**Given material**
*** Block opens ***

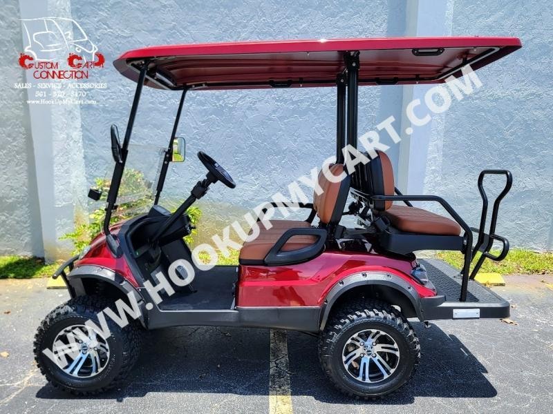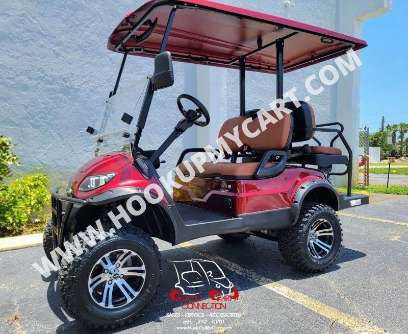 2025 ICON i40L Electric Golf Cart – 4 Passenger – Sangria Red w/Brown Seats
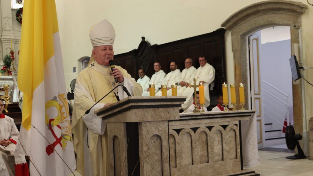 Na noite do dia 31 de dezembro de 2025, a Catedral Metropolitana acolheu fiéis para a Missa de Ação de Graças pelo encerramento do ano. A celebração foi presidida pelo Arcebispo Metropolitano, Dom Wilson Tadeu Jönck, e concelebrada pelo pároco da Catedral, Pe. David Coelho, reunindo a comunidade em um momento de oração, gratidão e […]
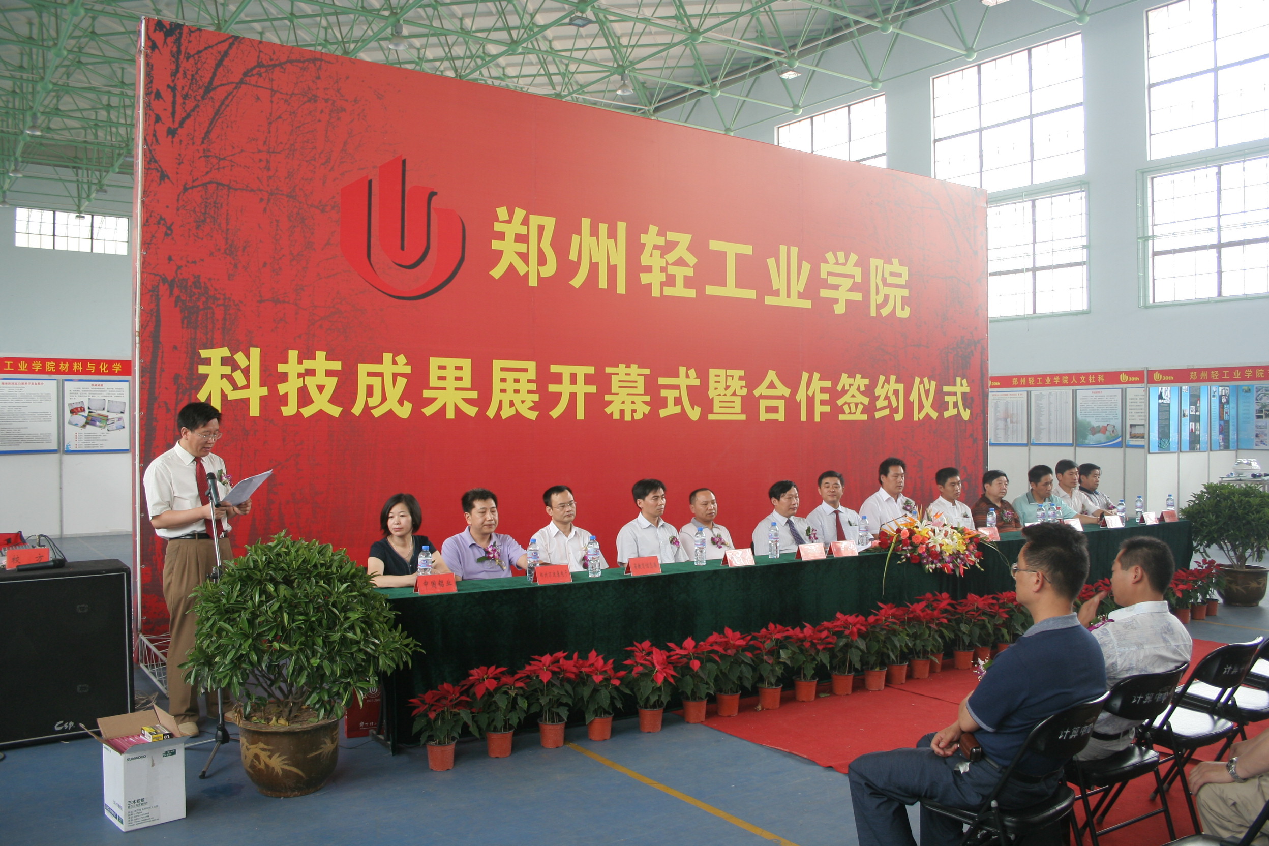 科技成果展及合作签约仪式由科技处处长王军主持。副校长吕彦力和许昌市副市长王登喜在签约仪式上分别发表了热情洋溢的讲话,并代表双方签署了全面合作协议。河南莲花味精股份有限公司总经理高君代表11家签约企业也发表了讲话,对我校三十年校庆及科技工作取得的成绩表示祝贺。各签约企业代表及我校有关院系负责人、职能部门负责人、学生代表共二百余人参加了签字仪式。

*** Block closes ***

**What is needed**
Your reply should hold every line above exactly as written and none of the pictures.

**Finished exercise**
 2025 ICON i40L Electric Golf Cart – 4 Passenger – Sangria Red w/Brown Seats
 Na noite do dia 31 de dezembro de 2025, a Catedral Metropolitana acolheu fiéis para a Missa de Ação de Graças pelo encerramento do ano. A celebração foi presidida pelo Arcebispo Metropolitano, Dom Wilson Tadeu Jönck, e concelebrada pelo pároco da Catedral, Pe. David Coelho, reunindo a comunidade em um momento de oração, gratidão e […]
 科技成果展及合作签约仪式由科技处处长王军主持。副校长吕彦力和许昌市副市长王登喜在签约仪式上分别发表了热情洋溢的讲话,并代表双方签署了全面合作协议。河南莲花味精股份有限公司总经理高君代表11家签约企业也发表了讲话,对我校三十年校庆及科技工作取得的成绩表示祝贺。各签约企业代表及我校有关院系负责人、职能部门负责人、学生代表共二百余人参加了签字仪式。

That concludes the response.